Adieu au fromage industriel : le fromage Urbiés Mieres qui n’est vendu qu’un jour par an et s’écoule en quelques minutes

Thibault Delacroix

Le secret du succès

  • Production artisanale extrême : Seuls trois voisins – Ángeles Crespo, Consuelo Noval et Luisa Fidalgo – fabriquent chaque année 70 kilos de ce fromage sans croûte, quintuplant la quantité de lait nécessaire par rapport aux autres variétés.
  • Zéro présure, acidité ancienne : n’utilise pas de ferments commerciaux ; Le caillé est né de l’acidification naturelle du lait cru de vache, un processus qui nécessite un contrôle presque ésotérique.
  • La lune comme alliée : Dans la phase de déclin, le fromage est brassé pour que la moisissure s’intègre, créant une texture crémeuse et une saveur qu’aucune usine ne peut imiter.

C’est comme ça qu’on le fait : du lait, de la lune et de la patience

Trente litres de lait cru de vache pour un seul kilo. Une disproportion qui explique pourquoi ce fromage asturien semble être un miracle. Les trois fromagers chauffent le lait juste assez pour que la flore lactique fasse son travail, sans précipitation et sans ajout de présure. Le caillé est enveloppé dans des chiffons de coton, où il s’écoule lentement ; une méthode qui n’est pas sans rappeler les productions villageoises antérieures à toute réglementation sanitaire.

Le véritable saut dans le vide vient avec le calendrier lunaire. Lorsque la lune diminue, ils remuent la masse coagulée pour répartir les moisissures qui ont germé spontanément. Ce n’est pas une superstition : la diminution de la pression atmosphérique favorise une répartition homogène du champignon, évitant les saveurs agressives. Ensuite, le fromage est salé, conditionné dans des bocaux et repose pendant des semaines en cave, acquérant une onctuosité qui confine au liquide.

Un fromage qui bouge selon la lune : une acidité naturelle, des moisissures contrôlées et une saveur qu’aucune usine ne peut reproduire.

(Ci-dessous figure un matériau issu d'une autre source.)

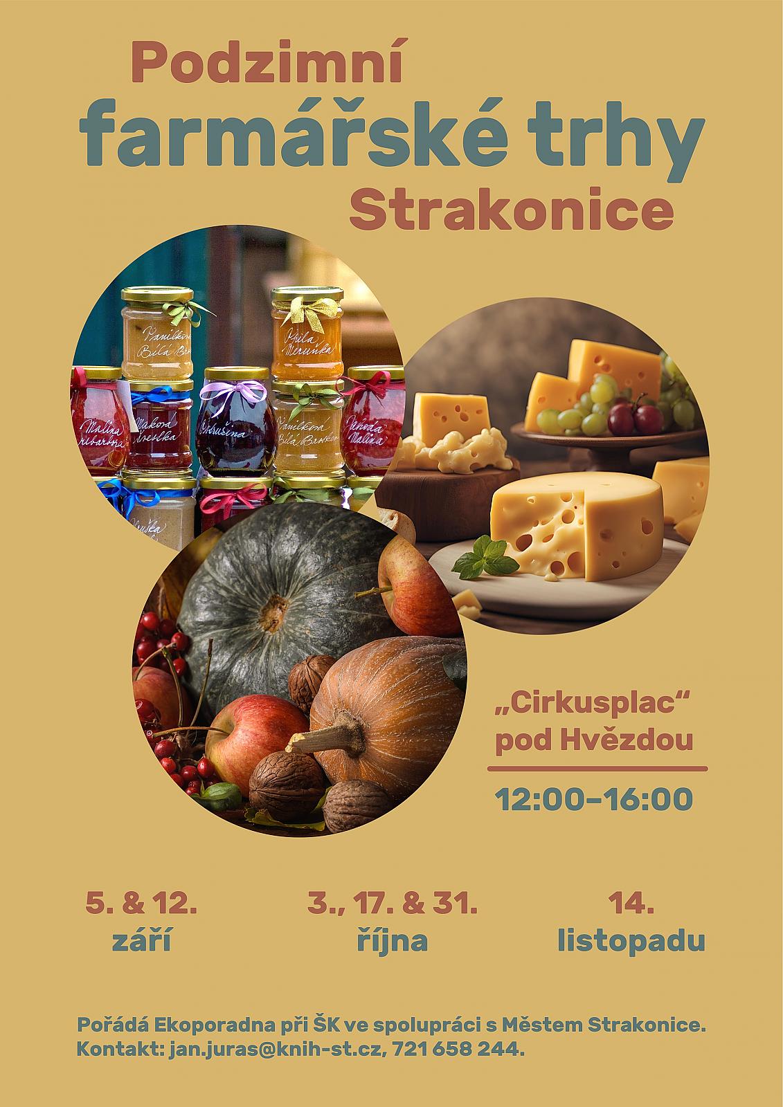 Bližší informace a seznamy přihlášených prodejců na webu: http://farmarsketrhy.strakonice.eu/. Pořádá Ekoporadna při ŠK ve spolupráci s Městem Strakonice.

Le résultat est un fromage sans croûte, de couleur ivoire avec des veines bleutées, que l’on étale sur une miche de pain comme s’il s’agissait de beurre fermenté. Son arôme rappelle le foin mouillé et sa saveur évolue en bouche : d’abord lactée et douce, puis une finale persistante de fruits secs. Chaque pot est une capsule temporelle.

Variations et appariement

La façon canonique de le déguster est de le tartiner sur une tranche de pain de seigle grillé, avec des noix légèrement caramélisées et un mince filet de miel de bruyère. Il se marie à merveille avec le cidre naturel des Asturies (son acidité coupe le gras) ou avec un vin blanc Godeo frais et minéral. Si vous préférez un rouge, un jeune Mencia sans bois respecte le laitage sans le masquer.

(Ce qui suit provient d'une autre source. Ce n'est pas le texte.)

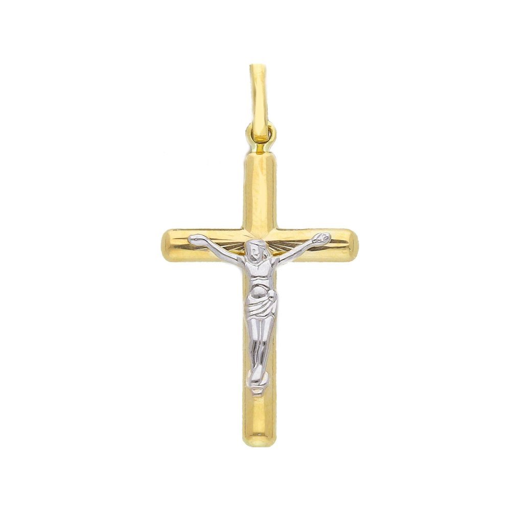 Croci Con Cristo in oro giallo e bianco 18 ct, peso 1.25g.

Peut-on le conserver ? Le pot fermé se conserve jusqu’à trois mois au réfrigérateur, mais une fois ouvert, c’est un fromage vivant qui s’aigre en une semaine s’il n’est pas consommé. N’essayez pas de le congeler : il perdrait toute sa structure crémeuse. Comme alternative rapide, vous pouvez l’émulsionner avec un peu de crème liquide et l’utiliser comme sauce pour les pâtes ou pour recouvrir des légumes rôtis ; gagne en onctuosité sans perdre son identité.

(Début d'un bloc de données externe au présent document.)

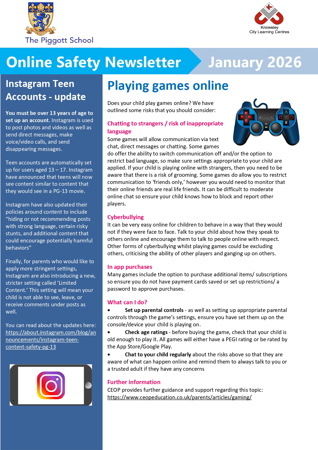 CEOP is a command of the National Crime Agency and is dedicated to tackling the sexual abuse and exploitation of children and young people. CEOP helps children and young people under the age of 18 who have been forced or manipulated into taking part, or are being pressured to take part, in sexual activity of any kind. This can be both online and offline. The CEOP Safety Centre offers information and advice for children and young people, parents and carers and professionals. You can visit the CEOP Safety Centre and make a report directly to CEOP by clicking the Click CEOP button.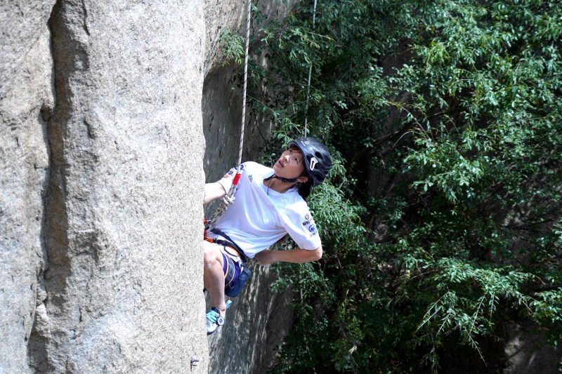 专业组女子难度速度赛冠军黄伟君比赛瞬间
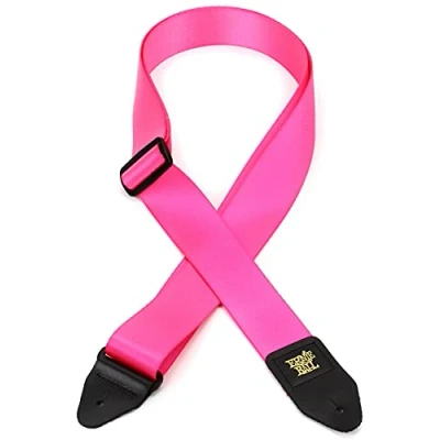Adjustable length 41 Inch to 72 Inch. Comfortable width at 2 inches wide. Strong and durable neon pink polyester webbing. Premium leather ends. Ernie Ball logo stamped in gold print.

Le sortir en dehors du premier dimanche de juin est une odyssée, mais l’association des Gardiens du Fromage d’Urbiés organise parfois des dégustations privées après avoir contacté la mairie de Mieres. Ne vous attendez pas à des étiquettes ni à des codes-barres : c’est un fromage sans enregistrement sanitaire qui survit grâce à l’exception culturelle. Un trésor qui vaut chaque centime des trente euros que coûte un kilo.